Data provided:

>>>>>

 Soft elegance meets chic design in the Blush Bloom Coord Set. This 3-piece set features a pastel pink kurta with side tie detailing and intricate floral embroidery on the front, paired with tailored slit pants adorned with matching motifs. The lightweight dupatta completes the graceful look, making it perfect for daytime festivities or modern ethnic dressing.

<<<<<
>>>>>

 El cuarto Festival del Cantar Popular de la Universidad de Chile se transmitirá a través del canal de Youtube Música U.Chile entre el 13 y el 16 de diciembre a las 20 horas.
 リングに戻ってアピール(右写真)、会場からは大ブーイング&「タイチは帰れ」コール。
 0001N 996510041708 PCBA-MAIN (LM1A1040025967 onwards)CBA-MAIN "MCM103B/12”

<<<<<

What you are asked to do: In the listing above, find the line with "リングに戻ってアピール(右写" and the line with "0001N 996510041708 PCBA-MAIN"; output exactly those lines and all lines between them.

Task response:
 リングに戻ってアピール(右写真)、会場からは大ブーイング&「タイチは帰れ」コール。
 0001N 996510041708 PCBA-MAIN (LM1A1040025967 onwards)CBA-MAIN "MCM103B/12”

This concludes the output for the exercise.